#### [HOW TO COMPLETE THIS TASK]
Copy task for the material below: print the line with "Fossé aménagé en 2013 à St-Léon-Le-Grand" and every line after it to the end, exactly as written, without the pictures.

====== TASK INPUTS

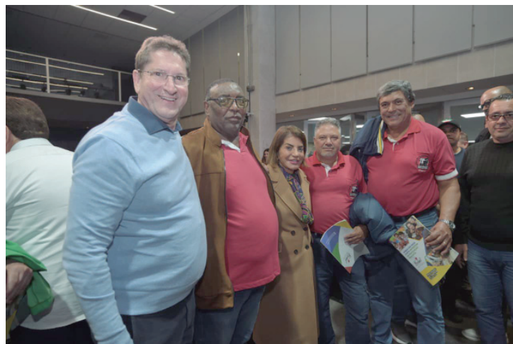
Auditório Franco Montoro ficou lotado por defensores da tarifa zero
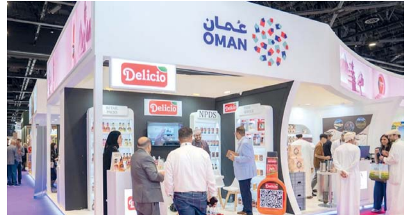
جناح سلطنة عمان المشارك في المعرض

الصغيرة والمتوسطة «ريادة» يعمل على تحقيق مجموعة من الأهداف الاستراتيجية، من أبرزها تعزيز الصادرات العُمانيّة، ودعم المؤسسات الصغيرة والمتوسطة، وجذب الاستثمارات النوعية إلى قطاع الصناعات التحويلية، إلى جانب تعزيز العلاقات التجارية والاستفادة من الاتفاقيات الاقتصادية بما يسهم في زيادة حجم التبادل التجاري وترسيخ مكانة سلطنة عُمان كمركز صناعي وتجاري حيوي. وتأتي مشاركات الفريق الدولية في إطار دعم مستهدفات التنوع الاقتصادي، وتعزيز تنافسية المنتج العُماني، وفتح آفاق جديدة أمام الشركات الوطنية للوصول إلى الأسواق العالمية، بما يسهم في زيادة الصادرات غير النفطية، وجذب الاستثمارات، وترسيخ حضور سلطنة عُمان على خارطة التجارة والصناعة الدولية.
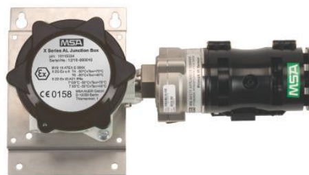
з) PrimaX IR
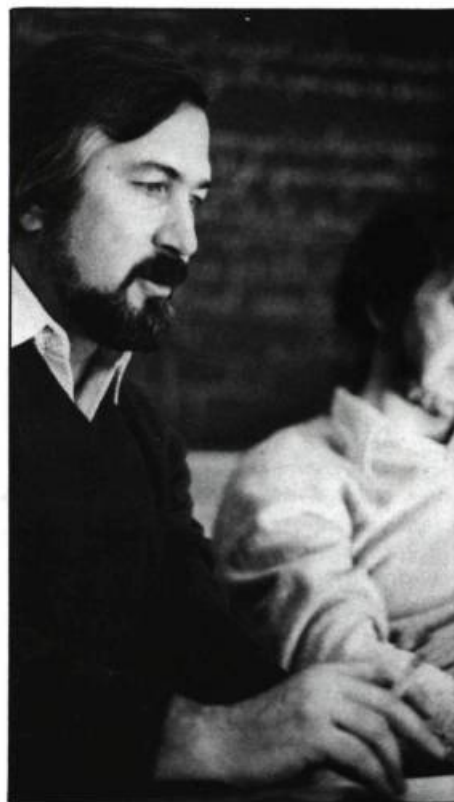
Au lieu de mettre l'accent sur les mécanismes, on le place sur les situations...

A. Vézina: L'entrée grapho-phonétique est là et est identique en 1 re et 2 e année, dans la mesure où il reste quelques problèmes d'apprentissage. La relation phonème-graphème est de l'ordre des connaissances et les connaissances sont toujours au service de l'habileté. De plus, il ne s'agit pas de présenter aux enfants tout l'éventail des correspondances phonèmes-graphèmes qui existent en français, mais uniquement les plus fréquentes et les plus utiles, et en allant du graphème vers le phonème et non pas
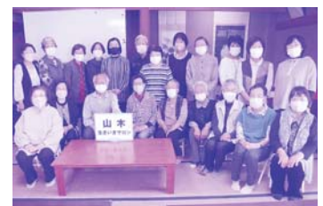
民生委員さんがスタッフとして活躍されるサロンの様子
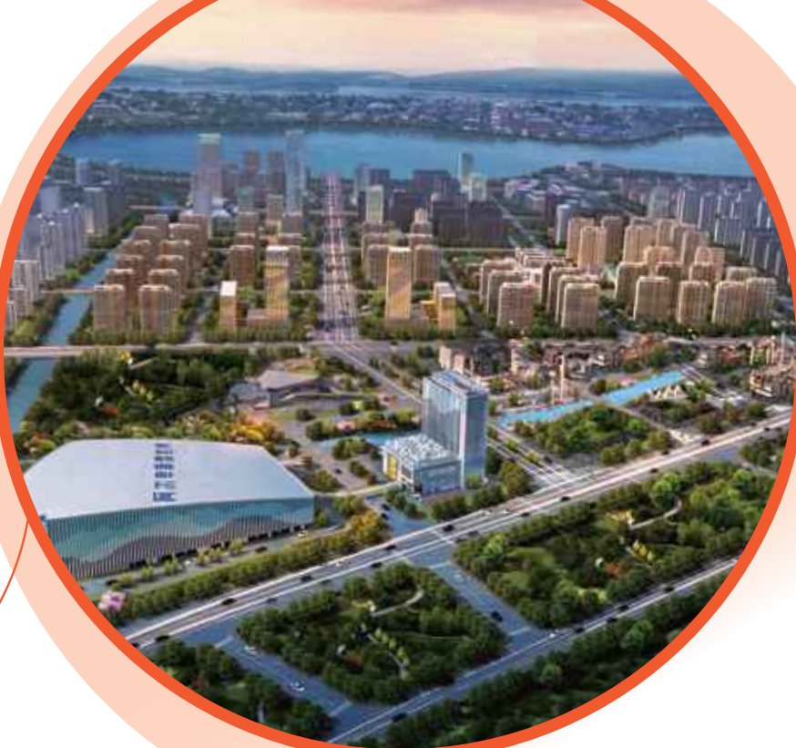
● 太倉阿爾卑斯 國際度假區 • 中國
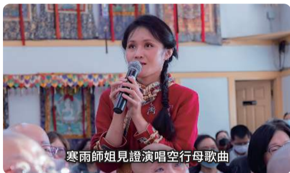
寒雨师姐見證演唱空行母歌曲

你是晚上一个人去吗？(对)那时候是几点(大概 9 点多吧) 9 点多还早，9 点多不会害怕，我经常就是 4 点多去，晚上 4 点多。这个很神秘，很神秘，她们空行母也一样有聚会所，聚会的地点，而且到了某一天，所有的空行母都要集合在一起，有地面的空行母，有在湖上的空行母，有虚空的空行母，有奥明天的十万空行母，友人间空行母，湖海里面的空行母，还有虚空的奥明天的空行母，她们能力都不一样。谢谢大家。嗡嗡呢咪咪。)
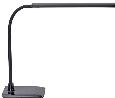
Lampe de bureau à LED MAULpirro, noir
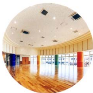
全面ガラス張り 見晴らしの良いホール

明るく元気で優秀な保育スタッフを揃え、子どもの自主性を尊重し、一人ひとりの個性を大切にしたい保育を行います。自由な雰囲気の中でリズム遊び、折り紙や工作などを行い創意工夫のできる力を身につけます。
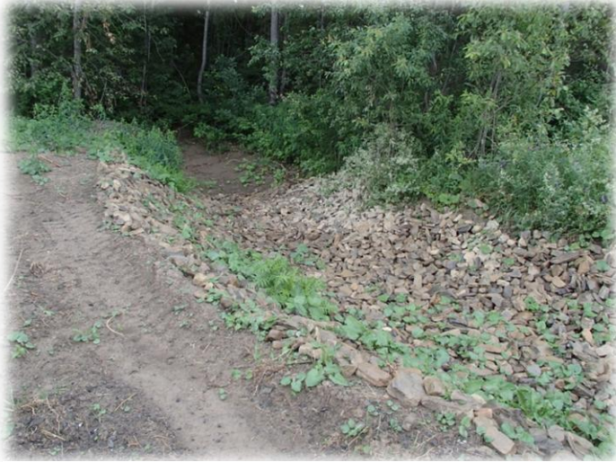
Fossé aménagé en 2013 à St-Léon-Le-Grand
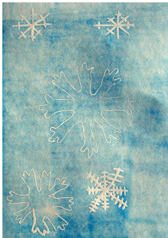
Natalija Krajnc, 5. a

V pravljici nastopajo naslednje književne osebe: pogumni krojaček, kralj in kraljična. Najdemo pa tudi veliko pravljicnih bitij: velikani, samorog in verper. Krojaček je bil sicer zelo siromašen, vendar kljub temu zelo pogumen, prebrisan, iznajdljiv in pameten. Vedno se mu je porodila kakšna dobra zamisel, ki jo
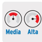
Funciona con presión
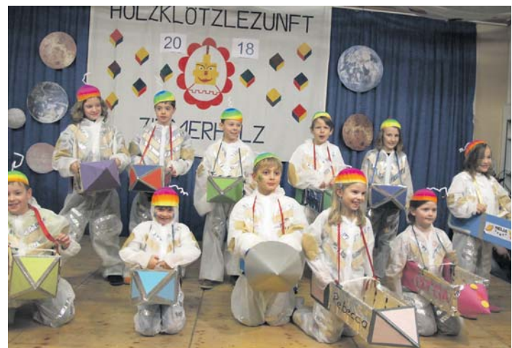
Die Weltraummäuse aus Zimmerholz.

============

#### [RESPONSE TO THIS TASK]
Fossé aménagé en 2013 à St-Léon-Le-Grand
Natalija Krajnc, 5. a

V pravljici nastopajo naslednje književne osebe: pogumni krojaček, kralj in kraljična. Najdemo pa tudi veliko pravljicnih bitij: velikani, samorog in verper. Krojaček je bil sicer zelo siromašen, vendar kljub temu zelo pogumen, prebrisan, iznajdljiv in pameten. Vedno se mu je porodila kakšna dobra zamisel, ki jo
Funciona con presión
Die Weltraummäuse aus Zimmerholz.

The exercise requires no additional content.